**INSTRUCTIONS TO FOLLOW:**
For the entries below, copy exactly the line that contains "4.2 Skadet. Byttet" through the line that contains "Muurrestanten bij opgravingen", both ends included, and exclude all pictures.

**AVAILABLE RECORDS:**
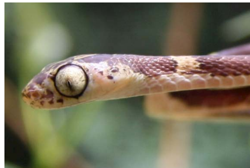
133 Imantodes cenchoa COLUBRIDAE
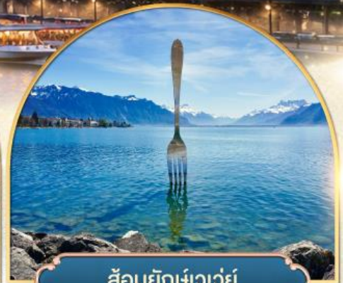
ล้อมยีก่เว่วย
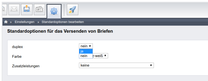
Abb. 415: Auswahl Standardoptionen für E-Post

Sind die Zugangsdaten gespeichert, wählen Sie im Menüpunkt Standardoptionen Ihre Grundeinstellungen aus.
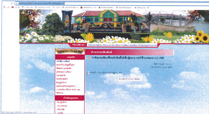
( https://kiansacity.go.th/html/new_post_view.asp?ID=๑๙๒๐&typenew=๑ )
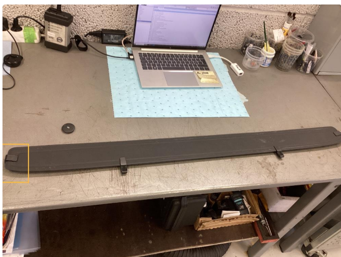
4.2 Skadet. Byttet
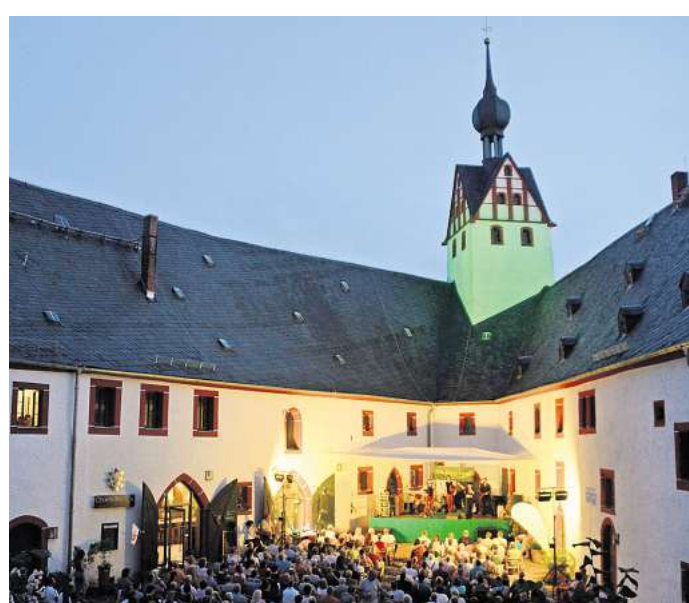
Die Rochsburg lädt zur Irischen Nacht.

Nähere Infos, Tickets und vollständige Übersicht der Vorverkaufsstellen: https://www.miskus.de/irische-nacht . Vorverkauf Normalpreis 20 Euro, Abendkasse Normalpreis 22 Euro
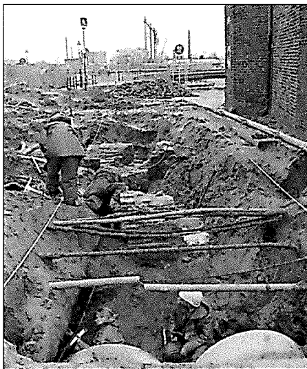
Muurrestanten bij opgravingen bij de Koppelpoort op het Kleine Spui.

Aan de buitenzijde van de muurfundering was echter een heel fors muurwerk gebouwd en dit was
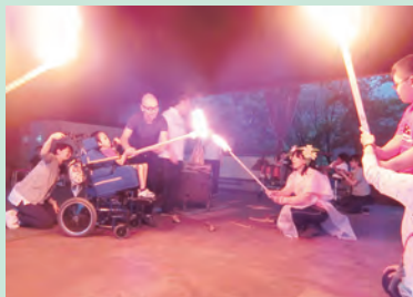
キャンプファイヤー (小5)
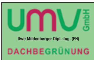
UMV GmbH Dachbegrünung, Lahr Tel. (07821) 98 31 91
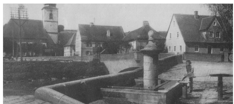
Der alte Röhrenbrunnen am Marktplatz
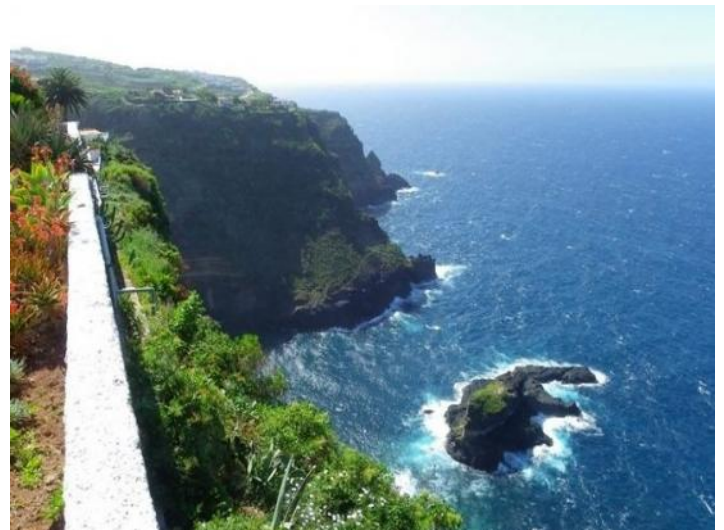
The romantic cliffs with Robinson Crusoe Island

**TASK ANSWER:**
4.2 Skadet. Byttet
Die Rochsburg lädt zur Irischen Nacht.

Nähere Infos, Tickets und vollständige Übersicht der Vorverkaufsstellen: https://www.miskus.de/irische-nacht . Vorverkauf Normalpreis 20 Euro, Abendkasse Normalpreis 22 Euro
Muurrestanten bij opgravingen bij de Koppelpoort op het Kleine Spui.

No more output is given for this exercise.